## Source information
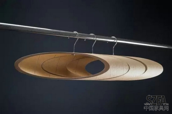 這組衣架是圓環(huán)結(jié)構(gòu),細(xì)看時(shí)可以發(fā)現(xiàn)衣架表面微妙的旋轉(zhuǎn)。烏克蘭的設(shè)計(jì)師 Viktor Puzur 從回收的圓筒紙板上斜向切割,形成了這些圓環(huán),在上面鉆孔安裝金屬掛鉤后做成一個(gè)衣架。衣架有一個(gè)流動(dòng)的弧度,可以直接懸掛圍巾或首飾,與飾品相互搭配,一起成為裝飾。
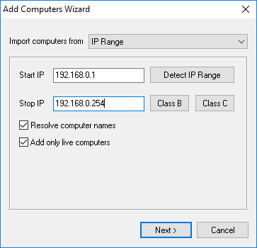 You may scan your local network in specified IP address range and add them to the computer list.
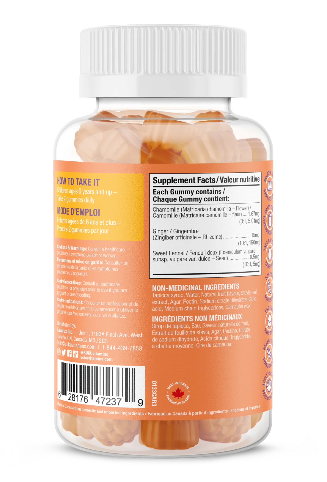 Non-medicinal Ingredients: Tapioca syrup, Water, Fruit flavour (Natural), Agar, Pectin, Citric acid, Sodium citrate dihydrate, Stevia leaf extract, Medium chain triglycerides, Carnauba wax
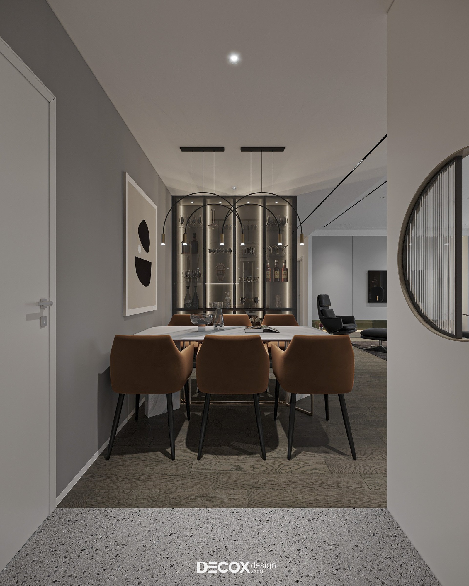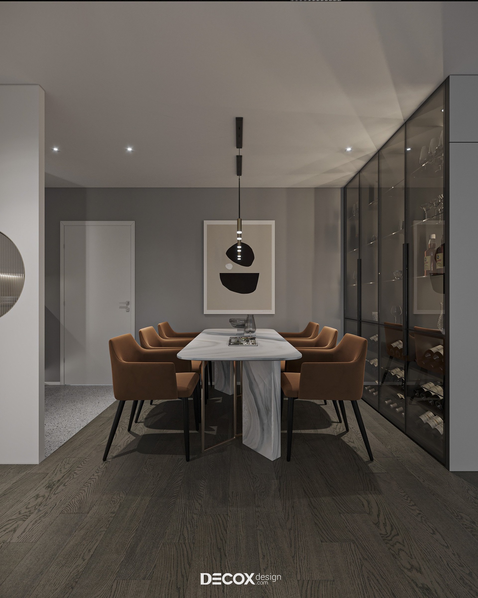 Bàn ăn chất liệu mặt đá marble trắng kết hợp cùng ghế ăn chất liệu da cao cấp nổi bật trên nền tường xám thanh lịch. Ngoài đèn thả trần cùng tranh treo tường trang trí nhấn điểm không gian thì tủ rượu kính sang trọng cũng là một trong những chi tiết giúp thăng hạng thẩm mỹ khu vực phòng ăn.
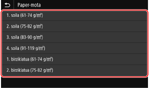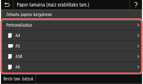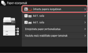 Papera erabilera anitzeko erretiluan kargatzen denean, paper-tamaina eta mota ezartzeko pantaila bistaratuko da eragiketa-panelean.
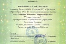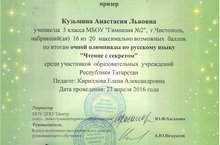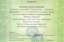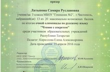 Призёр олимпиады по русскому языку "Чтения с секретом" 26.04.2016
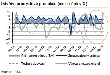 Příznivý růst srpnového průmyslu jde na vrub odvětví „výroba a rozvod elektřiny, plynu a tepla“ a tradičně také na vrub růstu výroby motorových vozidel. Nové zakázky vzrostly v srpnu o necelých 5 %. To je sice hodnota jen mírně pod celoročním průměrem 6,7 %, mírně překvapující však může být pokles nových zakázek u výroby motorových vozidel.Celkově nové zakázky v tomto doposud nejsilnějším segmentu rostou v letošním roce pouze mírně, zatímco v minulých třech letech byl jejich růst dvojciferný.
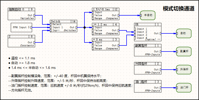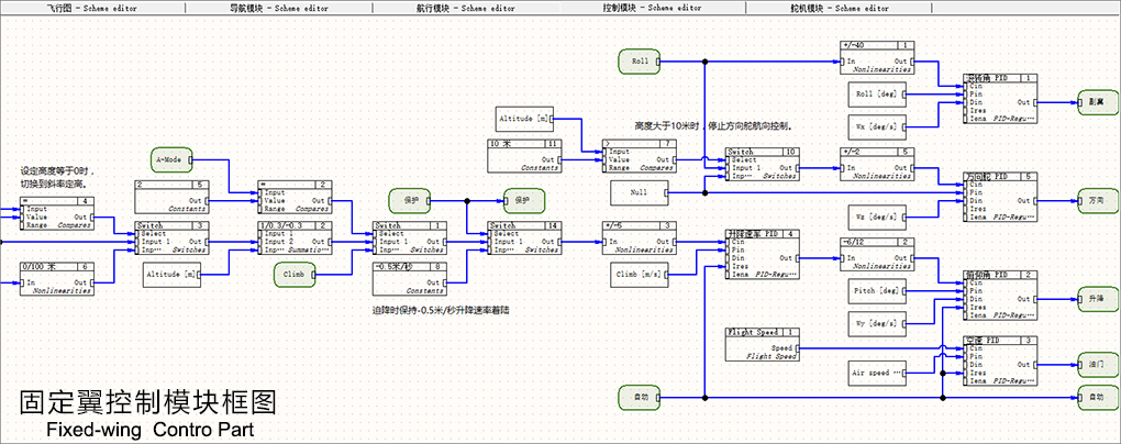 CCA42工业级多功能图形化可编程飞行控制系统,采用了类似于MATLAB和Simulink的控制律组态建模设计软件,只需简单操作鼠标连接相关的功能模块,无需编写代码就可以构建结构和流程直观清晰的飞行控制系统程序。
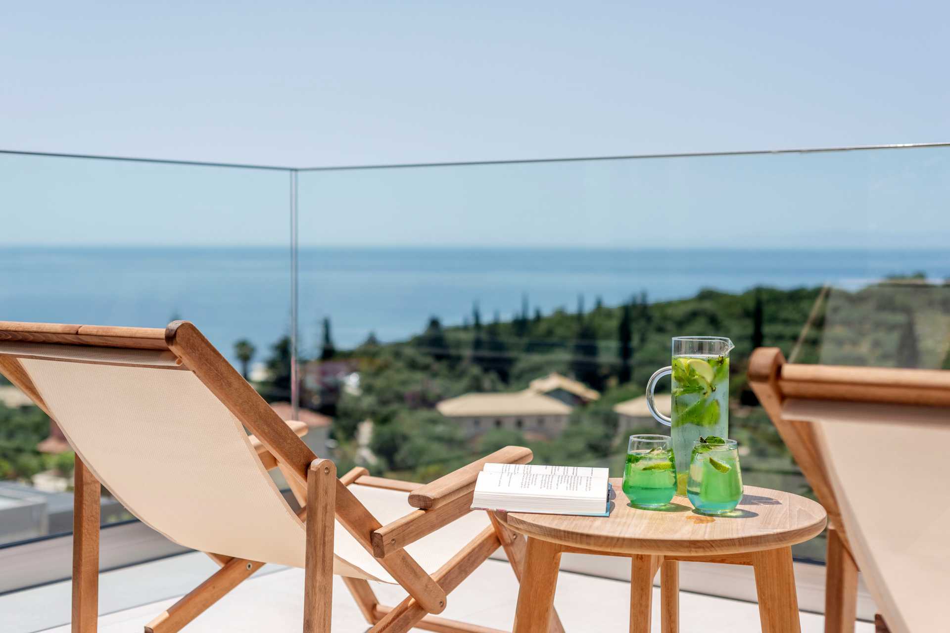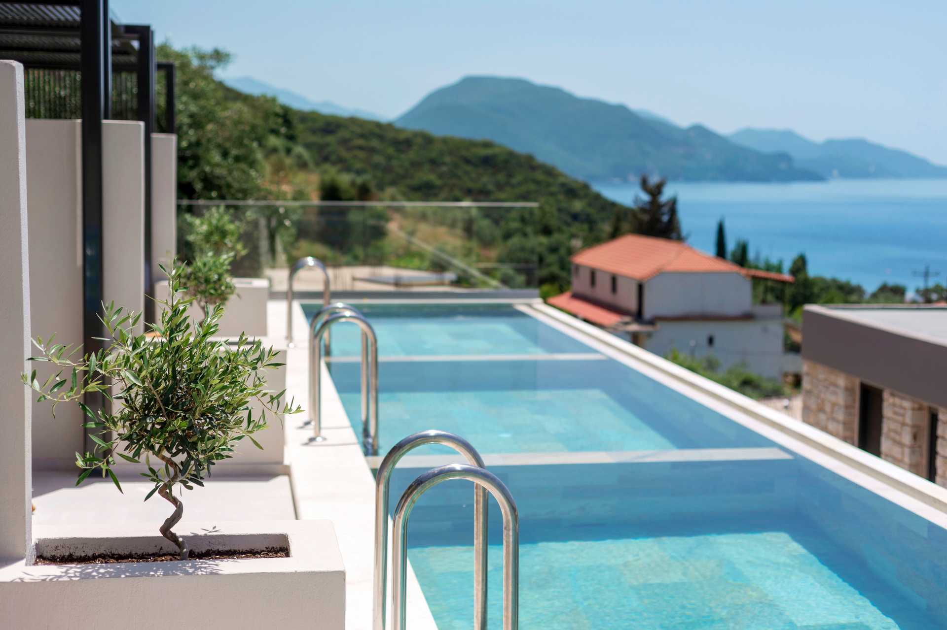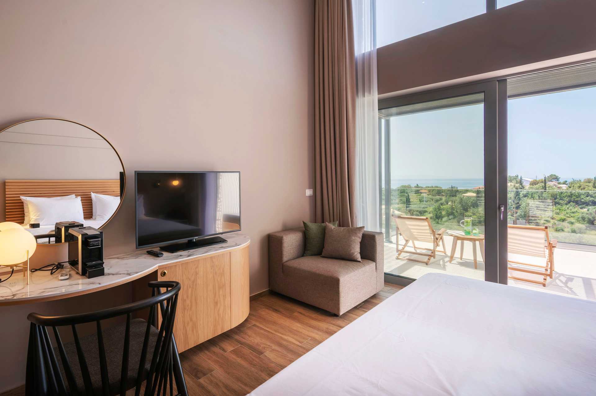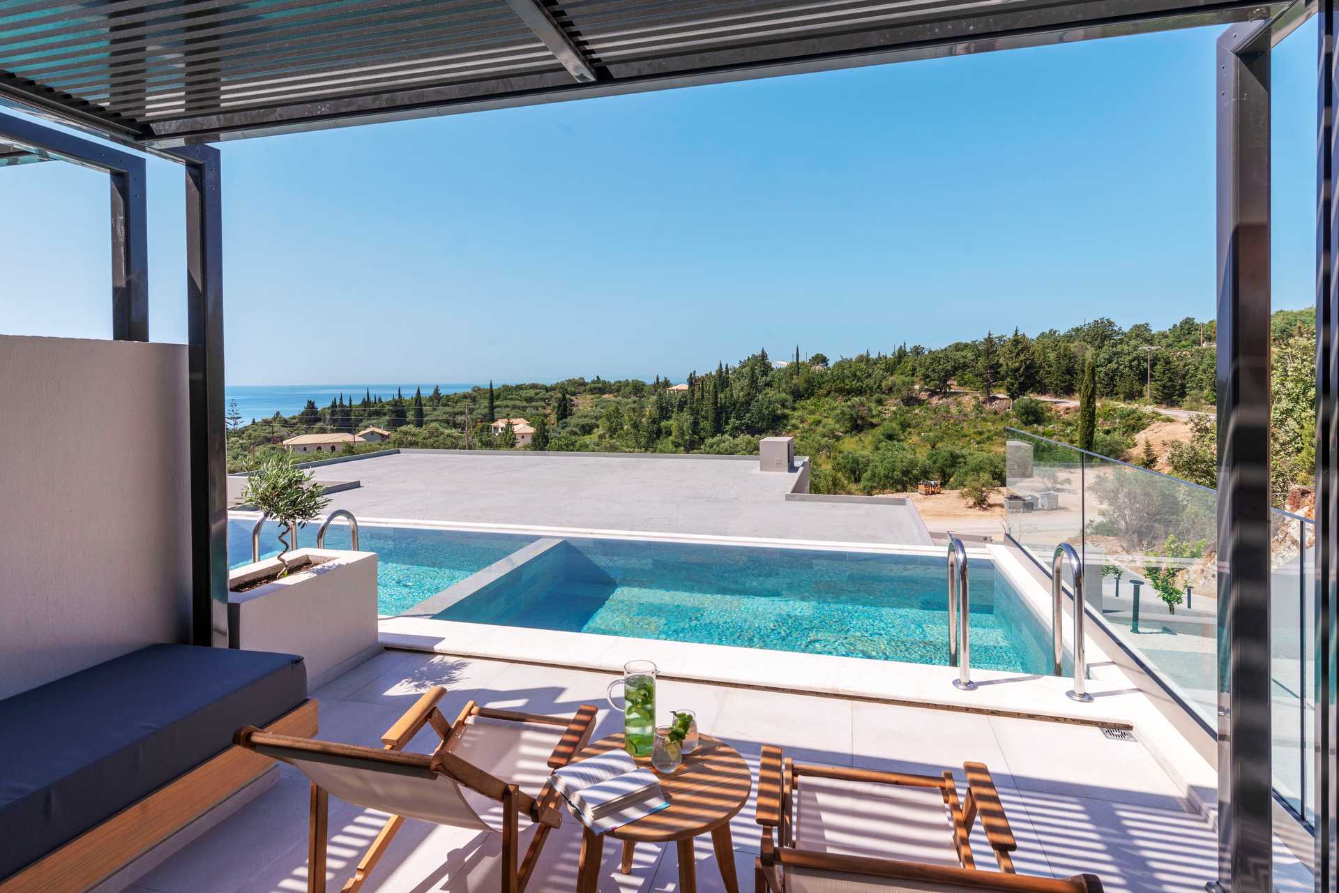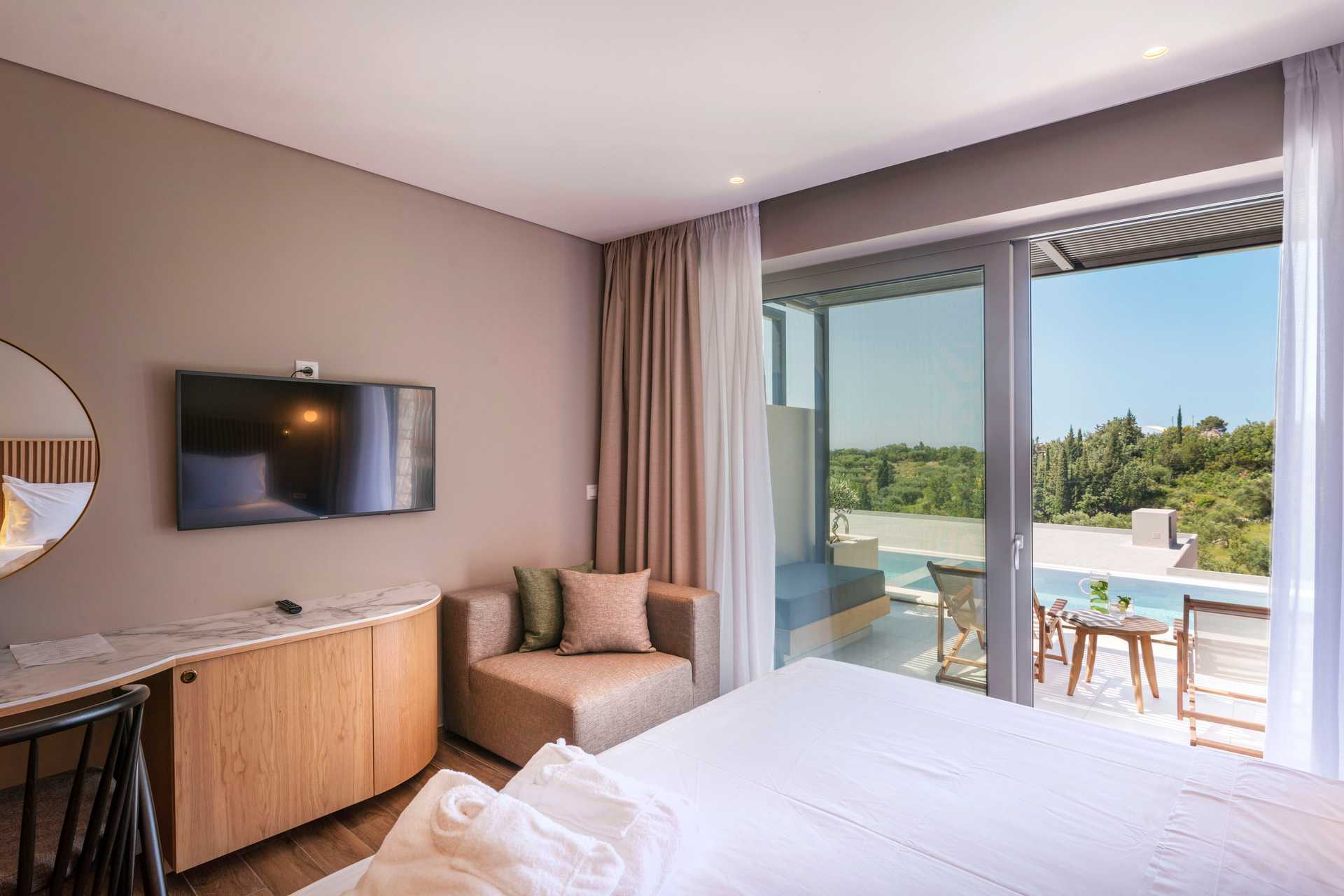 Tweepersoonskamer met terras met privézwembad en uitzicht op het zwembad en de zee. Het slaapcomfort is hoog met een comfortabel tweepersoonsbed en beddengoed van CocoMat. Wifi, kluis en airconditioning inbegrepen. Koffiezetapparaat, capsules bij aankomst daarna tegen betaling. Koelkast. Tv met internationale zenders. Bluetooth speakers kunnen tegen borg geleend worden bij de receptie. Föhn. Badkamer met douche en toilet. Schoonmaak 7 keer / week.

## Problem description
Return all entries preceding this task exactly as they stand, leaving any picture out.

## Exercise response
 這組衣架是圓環(huán)結(jié)構(gòu),細(xì)看時(shí)可以發(fā)現(xiàn)衣架表面微妙的旋轉(zhuǎn)。烏克蘭的設(shè)計(jì)師 Viktor Puzur 從回收的圓筒紙板上斜向切割,形成了這些圓環(huán),在上面鉆孔安裝金屬掛鉤后做成一個(gè)衣架。衣架有一個(gè)流動(dòng)的弧度,可以直接懸掛圍巾或首飾,與飾品相互搭配,一起成為裝飾。
 You may scan your local network in specified IP address range and add them to the computer list.
 Non-medicinal Ingredients: Tapioca syrup, Water, Fruit flavour (Natural), Agar, Pectin, Citric acid, Sodium citrate dihydrate, Stevia leaf extract, Medium chain triglycerides, Carnauba wax
 Bàn ăn chất liệu mặt đá marble trắng kết hợp cùng ghế ăn chất liệu da cao cấp nổi bật trên nền tường xám thanh lịch. Ngoài đèn thả trần cùng tranh treo tường trang trí nhấn điểm không gian thì tủ rượu kính sang trọng cũng là một trong những chi tiết giúp thăng hạng thẩm mỹ khu vực phòng ăn.
 Papera erabilera anitzeko erretiluan kargatzen denean, paper-tamaina eta mota ezartzeko pantaila bistaratuko da eragiketa-panelean.
 Призёр олимпиады по русскому языку "Чтения с секретом" 26.04.2016
 Příznivý růst srpnového průmyslu jde na vrub odvětví „výroba a rozvod elektřiny, plynu a tepla“ a tradičně také na vrub růstu výroby motorových vozidel. Nové zakázky vzrostly v srpnu o necelých 5 %. To je sice hodnota jen mírně pod celoročním průměrem 6,7 %, mírně překvapující však může být pokles nových zakázek u výroby motorových vozidel.Celkově nové zakázky v tomto doposud nejsilnějším segmentu rostou v letošním roce pouze mírně, zatímco v minulých třech letech byl jejich růst dvojciferný.
 CCA42工业级多功能图形化可编程飞行控制系统,采用了类似于MATLAB和Simulink的控制律组态建模设计软件,只需简单操作鼠标连接相关的功能模块,无需编写代码就可以构建结构和流程直观清晰的飞行控制系统程序。
 Tweepersoonskamer met terras met privézwembad en uitzicht op het zwembad en de zee. Het slaapcomfort is hoog met een comfortabel tweepersoonsbed en beddengoed van CocoMat. Wifi, kluis en airconditioning inbegrepen. Koffiezetapparaat, capsules bij aankomst daarna tegen betaling. Koelkast. Tv met internationale zenders. Bluetooth speakers kunnen tegen borg geleend worden bij de receptie. Föhn. Badkamer met douche en toilet. Schoonmaak 7 keer / week.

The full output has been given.